Activity. When you reach the line containing "Figure 8: Results" in the records below, set it down exactly, together with every later line through the end, but not the pictures.

Available data.
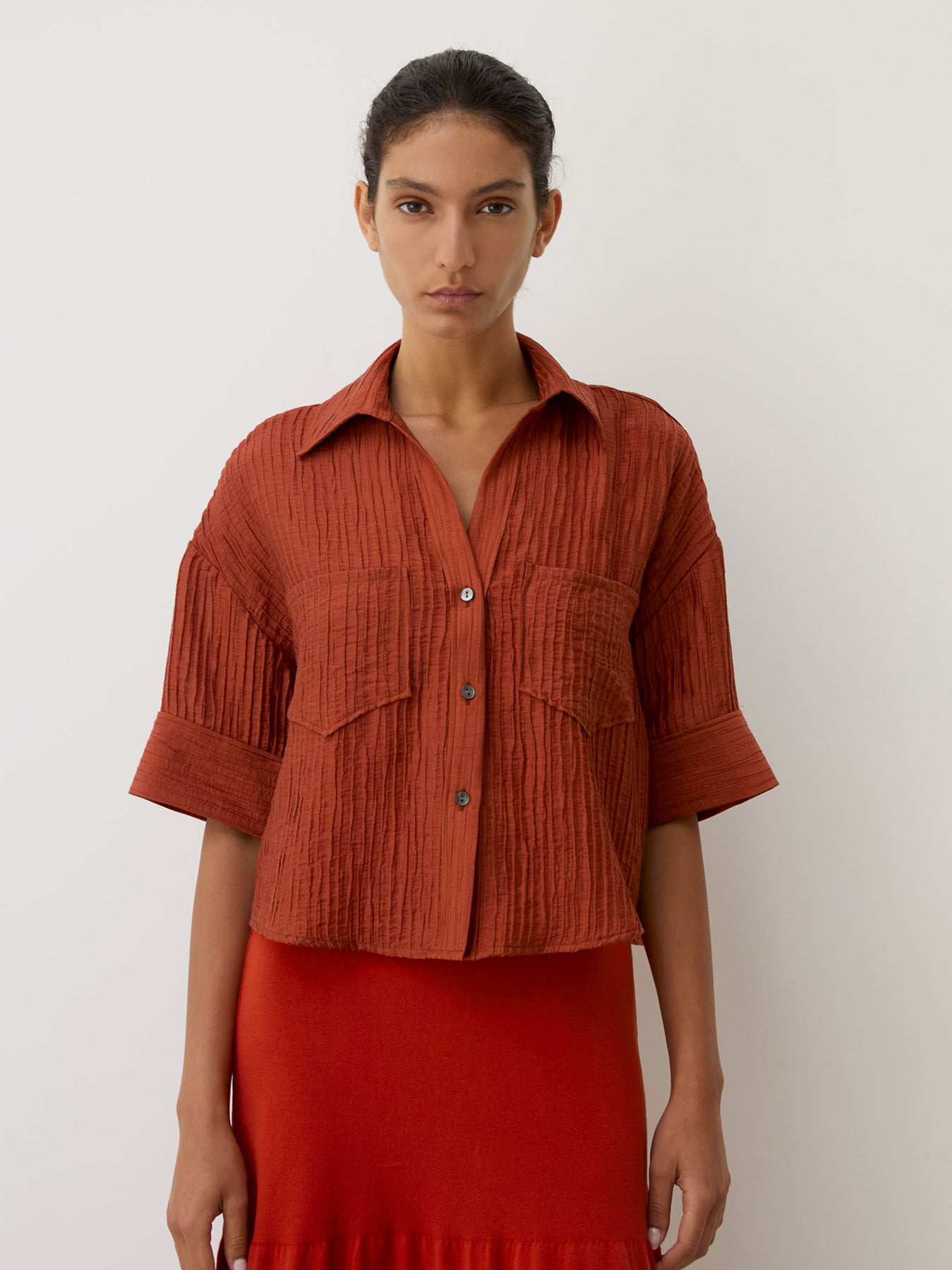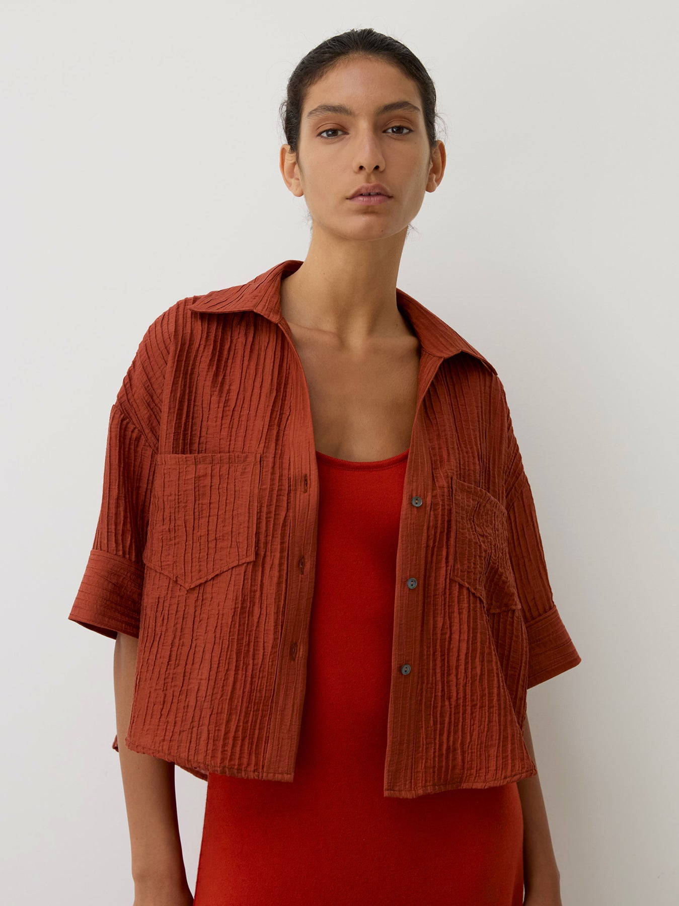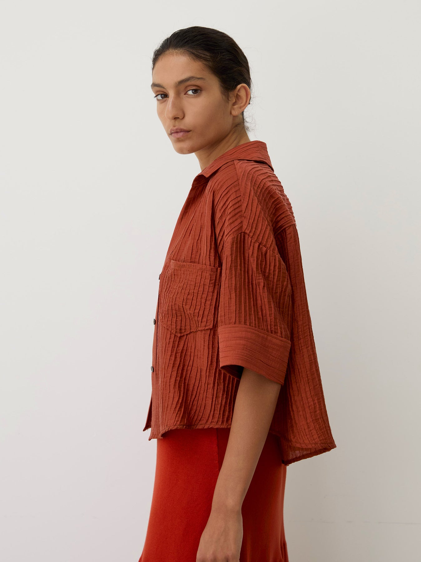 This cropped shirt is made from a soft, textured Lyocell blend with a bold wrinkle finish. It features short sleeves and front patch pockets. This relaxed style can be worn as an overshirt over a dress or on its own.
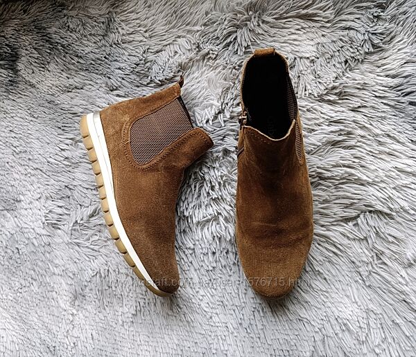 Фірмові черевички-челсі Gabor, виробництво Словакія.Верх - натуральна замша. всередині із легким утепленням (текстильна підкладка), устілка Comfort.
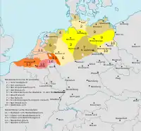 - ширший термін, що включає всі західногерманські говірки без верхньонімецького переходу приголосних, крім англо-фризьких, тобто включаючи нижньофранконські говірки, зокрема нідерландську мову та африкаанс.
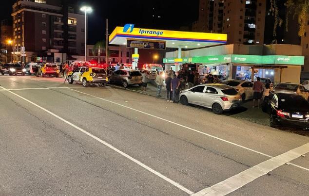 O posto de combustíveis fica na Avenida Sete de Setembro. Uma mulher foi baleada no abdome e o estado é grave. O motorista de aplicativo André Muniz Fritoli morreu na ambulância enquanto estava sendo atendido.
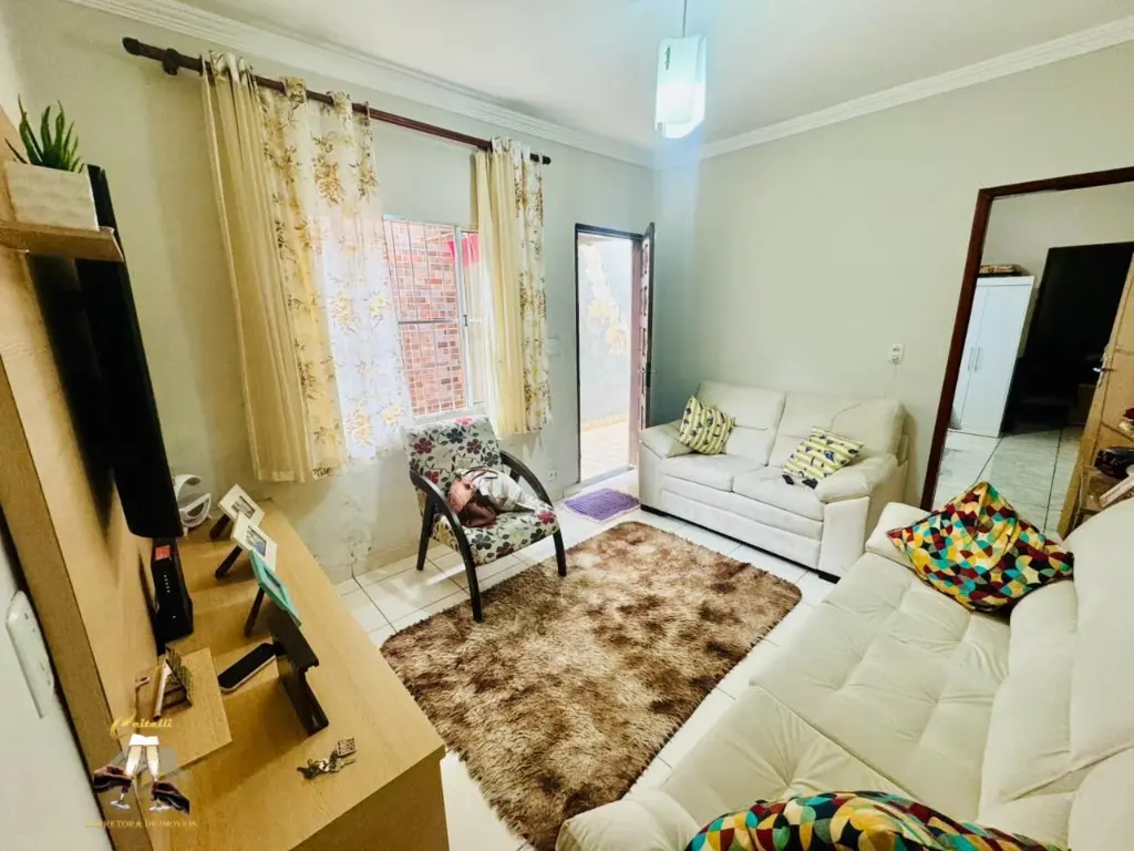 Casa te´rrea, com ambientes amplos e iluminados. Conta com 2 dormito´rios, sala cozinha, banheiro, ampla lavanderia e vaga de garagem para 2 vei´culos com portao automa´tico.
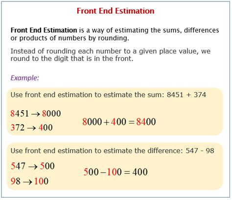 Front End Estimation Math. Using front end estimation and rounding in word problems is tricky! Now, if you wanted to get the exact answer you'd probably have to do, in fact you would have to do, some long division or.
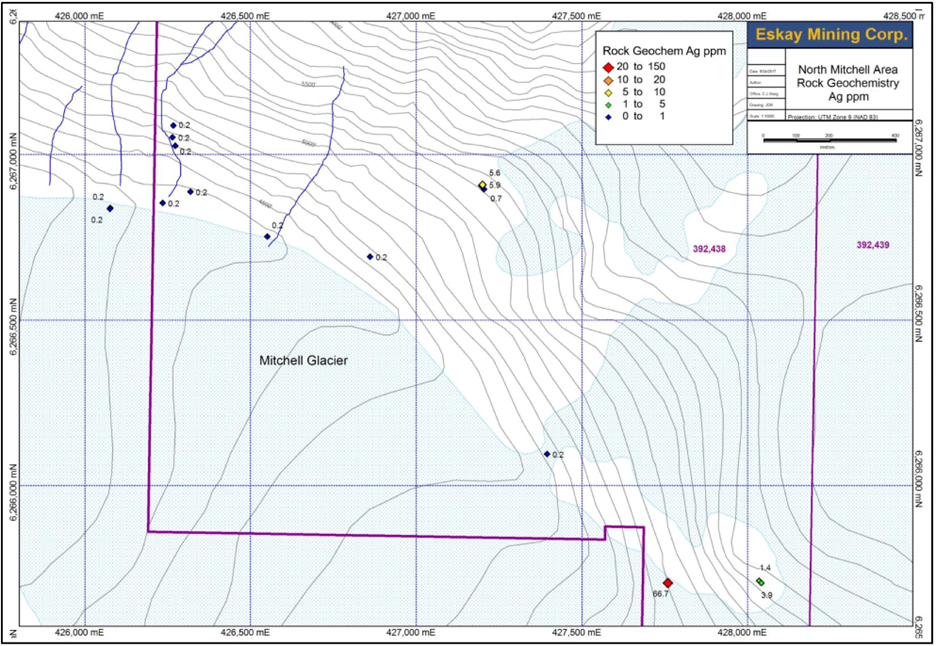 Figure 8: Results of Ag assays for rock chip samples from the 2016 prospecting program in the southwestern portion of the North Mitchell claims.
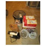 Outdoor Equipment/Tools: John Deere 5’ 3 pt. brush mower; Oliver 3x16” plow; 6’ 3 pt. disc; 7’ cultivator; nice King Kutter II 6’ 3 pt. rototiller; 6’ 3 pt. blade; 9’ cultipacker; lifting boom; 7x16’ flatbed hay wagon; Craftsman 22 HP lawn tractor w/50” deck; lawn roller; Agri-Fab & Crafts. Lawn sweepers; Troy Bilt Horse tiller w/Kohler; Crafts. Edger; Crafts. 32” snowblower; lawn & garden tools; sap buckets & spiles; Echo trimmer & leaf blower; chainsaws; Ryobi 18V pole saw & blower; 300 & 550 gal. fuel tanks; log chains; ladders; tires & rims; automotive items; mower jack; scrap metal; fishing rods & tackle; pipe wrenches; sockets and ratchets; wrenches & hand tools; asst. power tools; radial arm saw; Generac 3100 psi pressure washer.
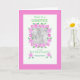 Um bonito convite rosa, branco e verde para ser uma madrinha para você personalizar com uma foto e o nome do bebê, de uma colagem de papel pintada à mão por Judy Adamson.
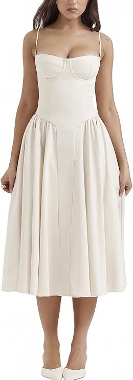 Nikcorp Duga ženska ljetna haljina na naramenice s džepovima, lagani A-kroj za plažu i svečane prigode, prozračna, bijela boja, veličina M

Answer area.
 Figure 8: Results of Ag assays for rock chip samples from the 2016 prospecting program in the southwestern portion of the North Mitchell claims.
 Outdoor Equipment/Tools: John Deere 5’ 3 pt. brush mower; Oliver 3x16” plow; 6’ 3 pt. disc; 7’ cultivator; nice King Kutter II 6’ 3 pt. rototiller; 6’ 3 pt. blade; 9’ cultipacker; lifting boom; 7x16’ flatbed hay wagon; Craftsman 22 HP lawn tractor w/50” deck; lawn roller; Agri-Fab & Crafts. Lawn sweepers; Troy Bilt Horse tiller w/Kohler; Crafts. Edger; Crafts. 32” snowblower; lawn & garden tools; sap buckets & spiles; Echo trimmer & leaf blower; chainsaws; Ryobi 18V pole saw & blower; 300 & 550 gal. fuel tanks; log chains; ladders; tires & rims; automotive items; mower jack; scrap metal; fishing rods & tackle; pipe wrenches; sockets and ratchets; wrenches & hand tools; asst. power tools; radial arm saw; Generac 3100 psi pressure washer.
 Um bonito convite rosa, branco e verde para ser uma madrinha para você personalizar com uma foto e o nome do bebê, de uma colagem de papel pintada à mão por Judy Adamson.
 Nikcorp Duga ženska ljetna haljina na naramenice s džepovima, lagani A-kroj za plažu i svečane prigode, prozračna, bijela boja, veličina M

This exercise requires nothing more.